No line before the one holding "Vodena snežna kugla" is to be copied; that line and all after it, through the end of the listing, are returned exactly, minus pictures.

Given information »
☆ ☆ ☆ ☆

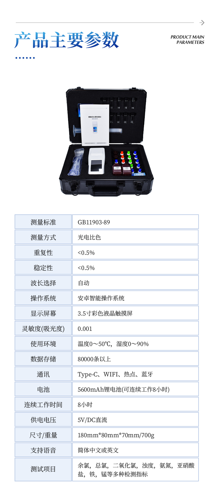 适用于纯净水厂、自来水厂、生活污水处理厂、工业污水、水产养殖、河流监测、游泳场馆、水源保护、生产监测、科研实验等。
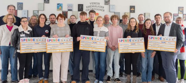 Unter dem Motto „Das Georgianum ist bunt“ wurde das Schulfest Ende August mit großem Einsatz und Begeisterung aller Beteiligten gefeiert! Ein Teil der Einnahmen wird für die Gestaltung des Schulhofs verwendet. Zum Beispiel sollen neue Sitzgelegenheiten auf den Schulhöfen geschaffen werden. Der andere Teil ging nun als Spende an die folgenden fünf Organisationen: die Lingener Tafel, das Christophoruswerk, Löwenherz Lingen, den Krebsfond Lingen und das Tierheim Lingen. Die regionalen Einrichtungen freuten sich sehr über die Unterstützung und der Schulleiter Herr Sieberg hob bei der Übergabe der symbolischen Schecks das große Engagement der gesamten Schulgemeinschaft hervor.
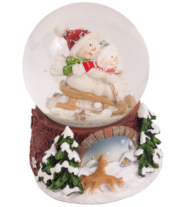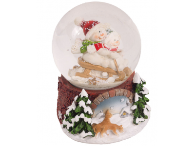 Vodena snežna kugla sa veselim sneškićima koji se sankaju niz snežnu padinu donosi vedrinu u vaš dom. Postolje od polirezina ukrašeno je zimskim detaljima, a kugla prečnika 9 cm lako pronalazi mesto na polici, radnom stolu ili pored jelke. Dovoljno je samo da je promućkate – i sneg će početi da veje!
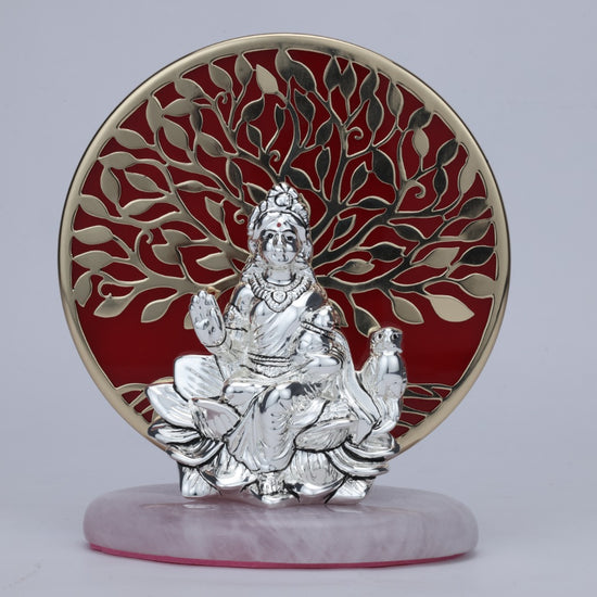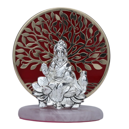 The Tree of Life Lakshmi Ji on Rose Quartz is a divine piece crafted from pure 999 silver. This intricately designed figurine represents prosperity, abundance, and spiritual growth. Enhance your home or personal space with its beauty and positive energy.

☆ ☆ ☆ ☆

Exercise response »
 Vodena snežna kugla sa veselim sneškićima koji se sankaju niz snežnu padinu donosi vedrinu u vaš dom. Postolje od polirezina ukrašeno je zimskim detaljima, a kugla prečnika 9 cm lako pronalazi mesto na polici, radnom stolu ili pored jelke. Dovoljno je samo da je promućkate – i sneg će početi da veje!
 The Tree of Life Lakshmi Ji on Rose Quartz is a divine piece crafted from pure 999 silver. This intricately designed figurine represents prosperity, abundance, and spiritual growth. Enhance your home or personal space with its beauty and positive energy.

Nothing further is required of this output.